Изучение консервативно-охранительного начала, традиционализма сопровождается и попытками синтеза традиционализма и западничества. Появились концепции, создающие образ некоего «русского европейца» и свидетельствующие о том, что идет борьба за традицию, за наследство. Никто из современников «перестроечных» событий не хочет оказаться в зоне оценки, данной российской революционной интеллигенции в «Вехах».

Специалисты в области истории отечественной мысли пытаются сделать новые шаги в изучении интеллигенции и избежать рассмотрения обязательных для научного анализа вопросов о наследии западников и славянофилов, о революционной интеллигенции и ее «вкладе» в судьбы России, о соотношении либеральных ценностей и государственно-охранительных и пр.
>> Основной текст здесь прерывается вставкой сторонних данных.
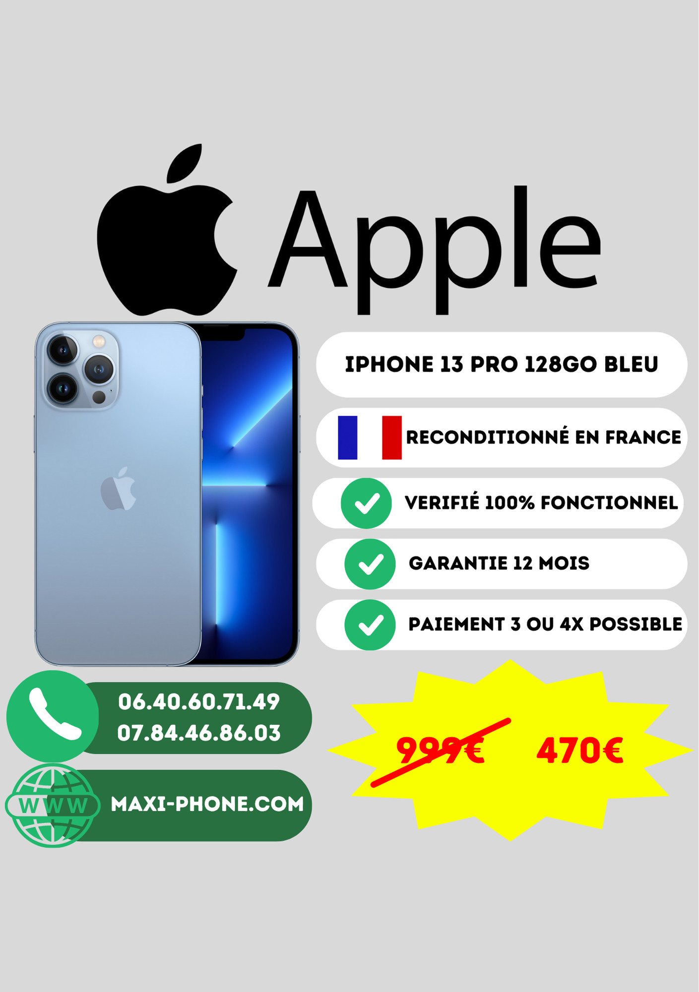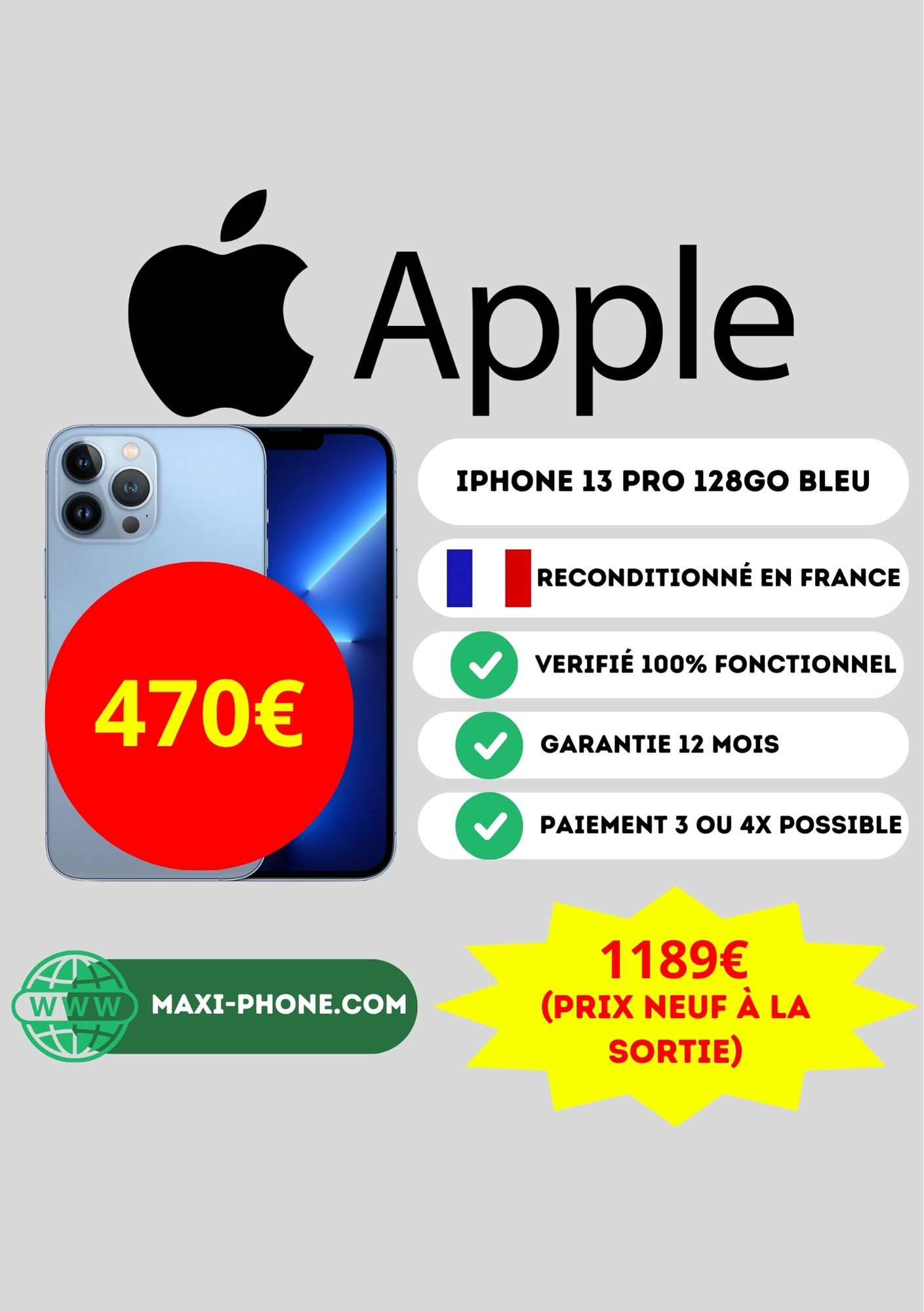 Iphone 13 PRO 128Go Bleu reconditionné en France par nos soins

То есть о тех вопросах, которые уже поставлены в науке и ждут своего ответа. Попытки писать историю с чистого листа, очевидно, связаны с субъективным фактором.

Конечно, выделение в историографии направлений – «почвенник», «демократ», «марксист» и проч. – в высшей степени условно. Позиции основной массы историков, которые старались осознать и объяснить исторический процесс с учетом новых условий, в которых действовала историческая наука, не поддаются однозначному толкованию. Да и указанные позиции чаще всего не существовали в «чистом виде», а в работах конкретных специалистов по конкретным сюжетам могли причудливо сочетаться и приводить к самым неожиданным результатам.

Хотя, в распоряжении историков на настоящий момент не имеется работы, которая бы содержала систематическое изложение истории познания нашего прошлого в том числе и недавнего, представляется, что отечественная историческая наука уже подходит к тому рубежу, который позволит с подлинно научных позиций рассмотреть и оценить путь, пройденный отечественной исторической наукой за все десять с лишним веков ее существования. Доказательством тому служит обостренный интерес современной науки именно к историографии. Главной формой такой научной историографической рефлексии пока остаются справочные и биографические издания.[128]

Несомненным завоеванием современного периода явилось огромное по сравнению с предыдущим этапом развития науки расширение историографической и источниковедческой базы исследований. В особенности по истории ХХ в., и возвращение в науку и общественно-политическую практику значительного количества ранее забытых или просто запрещенных к упоминанию имен и событий. Из спецхранов библиотек стали извлекаться и публиковаться сочинения ранее запретных дореволюционных и зарубежных историков, в научный оборот стали вовлекаться и становились доступными для исследователей сочинения эмигрантов, покинувших Советский Союз, собранные ими документы.

Таким образом, предметом научного рассмотрения теперь могут стать взгляды и концепции всех историков, всех школ и направлений. Стало возможным системное рассмотрение отечественной историко-научной познавательной практики. Теперь нет необходимости исключать из системы отечественной историографии Г.В. Вернадского, Романа Гуля, С.П. Мельгунова, Б.Н. Николаевского, Ивана Солоневича, Л.А. Тихомиров Л.А. и многих других [129]. Тем более нет оснований смотреть на их концепции с позиции силы или последнего победившего принципа.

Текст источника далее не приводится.